In this paper, the author presents their solution of residual networks to the problem of accuracy degredation for ultra-deep neural networks. This presentation seeks to provide for the reader:

  • A brief overview of the issue of accuracy degredation and previous works and where those works have influenced their work
  • An explanation of the Residual Learning concept along with a described implementation.
  • Give evidence for their claims with experimentation and comparison of previous techniques on commonly used datasets such as ImageNet, Cifar-10, PASCAL and MS COCO
  • This also included ablation and variation experiments with the network.

This is presented to those who are familiar with the field without over simplification and, rightly so, remains fully technical.

Paper Summary

Within image processing, Deep neural networks have made significant process in tasks such as classification and segmentation with the network structure naturally learning low/med/high-level features. As a result network depth has been found to be crucial to the task accuracy of many image processing tasks. This paper is looking to solve a problem known as degredation where at a certain depth the network suddenly begins to perform poorly and the accuracy degrades over depth which leads to deeper models having a higher training error.


The authors motivate their approach by considering two networks that have identical outcomes but with one deeper than the other. One solution to the training of the deeper network is that the network should converge to the shallower network with identity mappings for the remaining layers. This implies that training error of the depeer network should be no higher than the shallower one, but current solutions are not able to achieve this fact. The residual learning framework, therefore, avoids directly estimating the true weights, but estimates the “error” or residual $F(x) = H(x) - x$: the true weights, minus the input. They believe that this formulation is easier to optimise as the problem itself suggests deep networks struggle to approximate identity mappings using multiple non-linear layers.
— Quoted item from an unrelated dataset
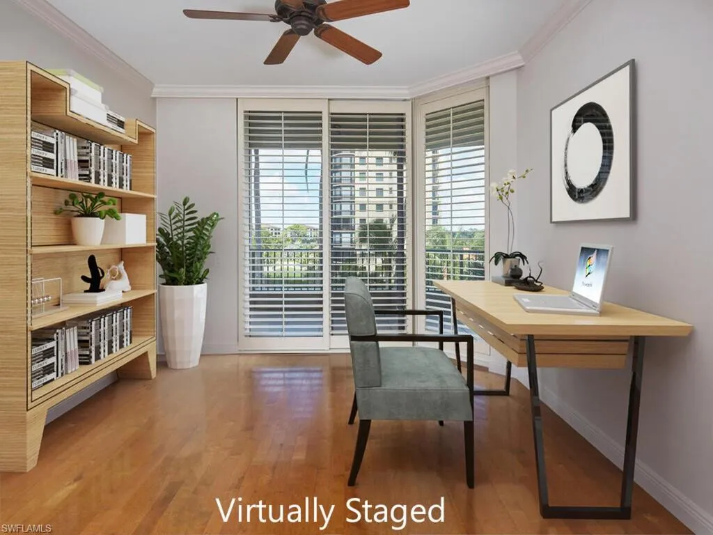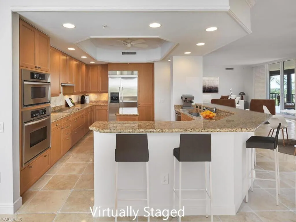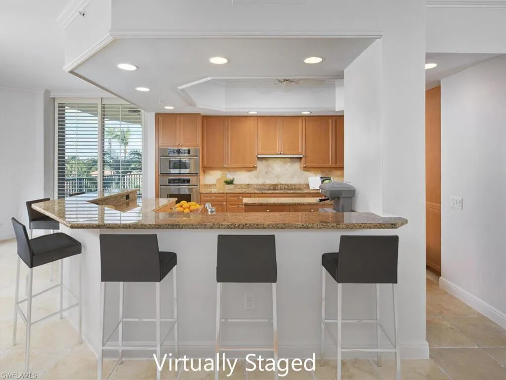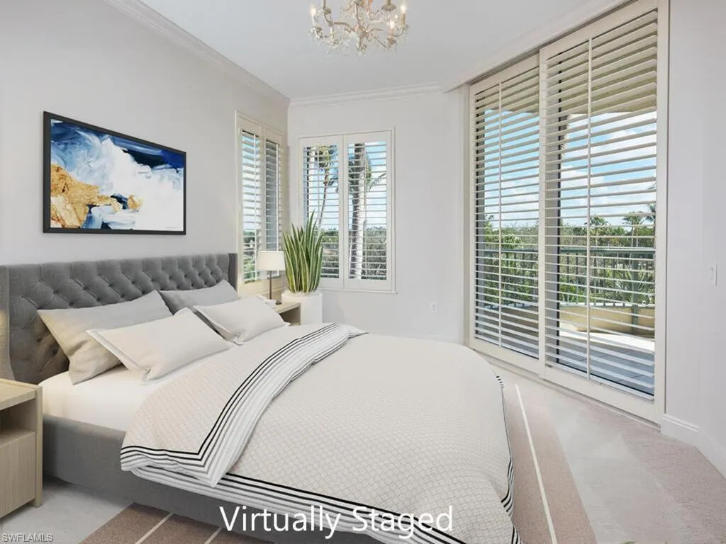 C12953 – Impeccable corner residence in Treviso, located inside The Colony at Pelican Landing, which is Bonita Springs’ premier luxury golf and beach community. This beautifully maintained and spacious single-family-style corner residence boasts a fabulous and functional floor plan that offers the perfect blend of elegance, comfort, and privacy. Enjoy exquisite panoramic views of emerald fairways, lush tropical palms, and manicured landscaping from this bright, wraparound corner unit, filled with natural light from floor-to-ceiling glass slicing doors and windows. The expansive layout features 3 ensuite bedrooms and a private study, 3.5 baths, and multiple living and entertaining spaces, including a family room, formal living and dining rooms, and a charming breakfast nook. The lavish primary suite is a private retreat, complete with a spa-style bathroom and dual custom walk-in closets and private access to the lanai. A true split-bedroom floor plan offers optimal privacy for the two ensuite guest bedrooms. Additional highlights include: Private elevator foyer, 42-foot screened lanai plus two open-air balconies. Two assigned garage spaces and extra airconditoned secure storage. High-end finishes including plantation shutters, crown molding, 9’8” ceilings, ceiling fans, and marble/granite surfaces and automatic storm shutters. This is a rare opportunity to enjoy resort-style living in a meticulously cared-for residence with timeless luxury and unbeatable views. Treviso’s updated common areas feature transitional furnishings and marble floors with views over water features. Three guest suites, which include a two bedroom apartment. A beautiful secure lobby, elegant social room, billiards room, theater, and a newly updated fitness center complete the interior amenities. Spa and free form large pool with graceful beach access and a separate social pavilion. The Bay Club, a Colony private waterfront dining facility, offers intimate dining or informal sunset dining/entertainment. Experience a full array of community amenities such as a 34 acre island beach park with boat shuttle, Kayaking, canoeing, tennis, pickle ball, bocce and sailing. Close to Coconut Point Shopping Center. 15 minutes to the airport.

The author’s designed Residual learning blocks by which a deep residual learner is constructed. This block is constructed as 2 or 3 feed forward layers along with a “shortcut connection” which adds the input $x$ to the output $F(x)$. The investigation of their hypothesis is achieved by comparing a “plain network” (completely feed forward with no shortcut connections) of 18 and 34 layers, with a residual network constructed of these residual blocks of the same depth. For each depth and network, the training, validation and test errors are then recorded on both the ImageNet and CIFAR-10 datasets. Furthermore, the authors experimented with differing learning blocks and 50, 101 and 152 layer ResNets to demonstrate their increased accuracy at larger depths


  1. The comparison at 18 and 34 layers of plain vs resnet clearly shows how resnet avoids the degredation issue (Figure 1). In addition we see a 2.5% error reduction on the Top 1 ImageNet validation error.
  2. The deeper the ResNet stack, the more accurate the network. The 152 layer far outperforms both the previous best networks and its shallower counterparts by large margins again showing how deep ResNets appear easier to optimize. (An “aggressively” deep model of >1000 layers was tested and was no harder to train than the others!)

Paper Review

This paper very clearly presents the concept of Residual Networks as a solution to the problem of degredation in very deep neural networks. As a result, there is a heavy focus on explaining the author’s thought processes and justifications through detailed explanation and extensive experimentation. In line with many deep learning papers, I had the feeling that they tried this new technique and “it just worked”, however, even with my skepticism, the level and quality of the justifications convinved me of the effectiveness of the technique. This is especially apparent as previous to reading the paper, I had not heard of the problem of degredation, even after using Resnets during previous work, implying that Resnets effectively solved this issue.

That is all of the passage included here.